Он не мог написать двух строк без метафор и был до крайности беззаботен насчет их новизны и свежести. Правда, заботливость и не особенно выручала бы его: запас более или менее приемлемых метафор у нас ограничен, и в том-то и слабость метафорической поэзии, что рано или поздно она принуждена впасть в манерность и прихотливость или стать откровенно банальной. Надсон предпочел второе. Вполне возможно, что, отделайся он от своей склонности к «иносказательной» речи, ищи он прямого определения предметов и чувств, поэзия его осталась бы живой до сих пор. Но «жертвы Ваала», «лазурные чертоги», «далекие светочи», «ладья судьбы», «шипы на розе счастья», «светлые родники вдохновенья» и прочее, и прочее – все это заменило ему точность и простоту наименования. Впечатление при перечитывании стихов создается такое, будто в ящике у поэта сложены этикетки для всего репертуара его тем вместе со списком эпитетов, которые в том или ином случае надлежит употреблять. Один из французских писателей недавно иронически заметил, что если министр или депутат говорит с трибуны о каких-либо реформах, о каких-нибудь «rеalisations», то непременно механически добавляет, что они должны быть «hardies»… Для министра это еще ничего. Но для поэта плохо.
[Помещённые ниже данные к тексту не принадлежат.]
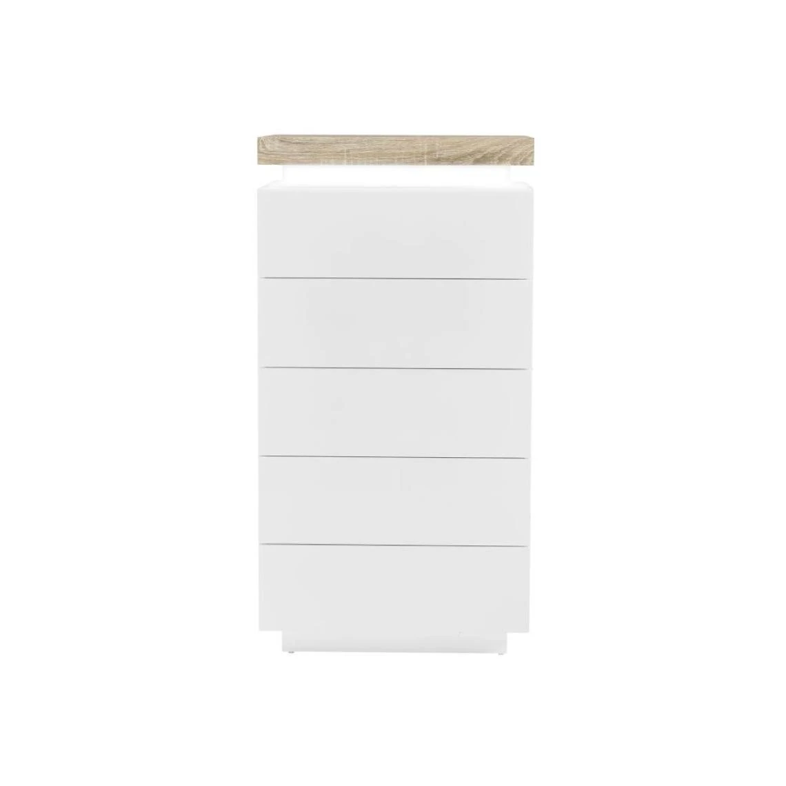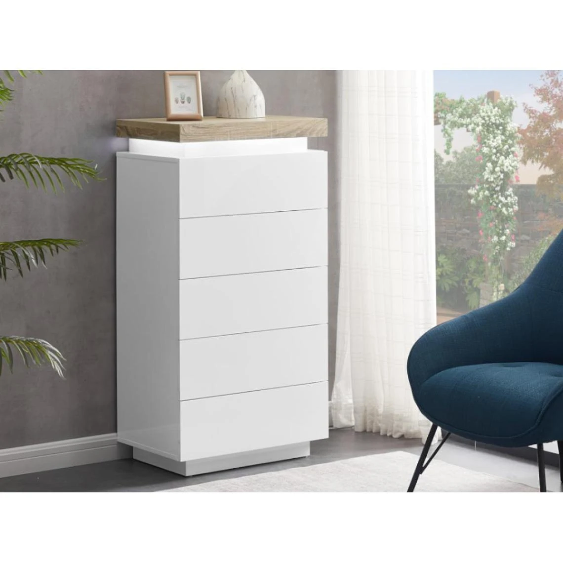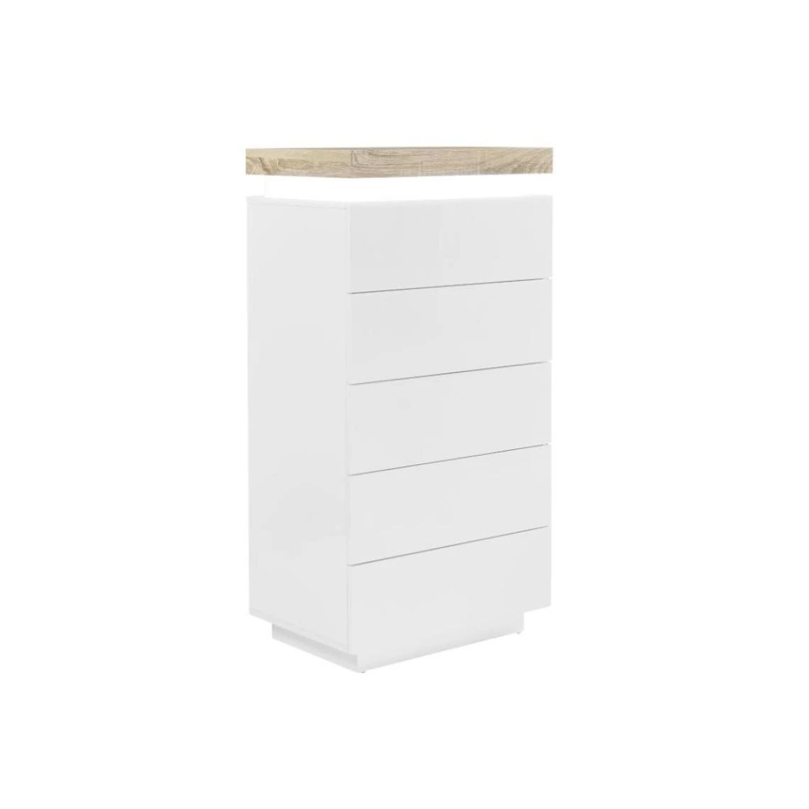 Points forts Vente-Unique Chiffonnier 5 tiroirs – Avec LEDs – MDF laquĂ© – Blanc et naturel – HALO

Читатель, пожалуй, усмехнется: к чему, как говорится, ломиться в открытую дверь? Надсон, надсоновщина – давно уже стали именами нарицательными. Надсон кончен. Надсон умер.

Да, бесспорно. Но стоит подумать все-таки над тем, как могла такая исключительная популярность смениться полным забвением. Стоит перелистать томик Надсона – хотя бы для того чтобы ощутить «аромат эпохи».

Облетели цветы, догорели огни…

Так и видишь тех, для кого и за кого это было написано. Например, девушку в темном платье с белым строгим воротничком, с «русыми» кудрями, конечно, «обрамляющими» ее «энергическую головку». Она уже не шестидесятница – и еще не декадентка. Она «протестует», но уже и томится от безрезультатности протеста. Ей тяжело жить. Ей кажется, что любимый ее поэт эту тяжесть, эту боль и томление запечатлел. Он понял «молодое поколение»… А художник он или не художник, не все ли равно, да и не устарели ли, по ее мнению, в свете современного прогресса эти наивные разделения?

* * *

Известная французская суфражистка, феминистка, неутомимый «борец за идеал», – выражаясь по инерции надсоновским стилем, – Луиза Вейсс выпустила первый свой роман – «Delivrance».

Книга эта распадается на две части, несколько искусственно между собой связанные, но как раз в силу причудливости этого соединения интересные и характерные.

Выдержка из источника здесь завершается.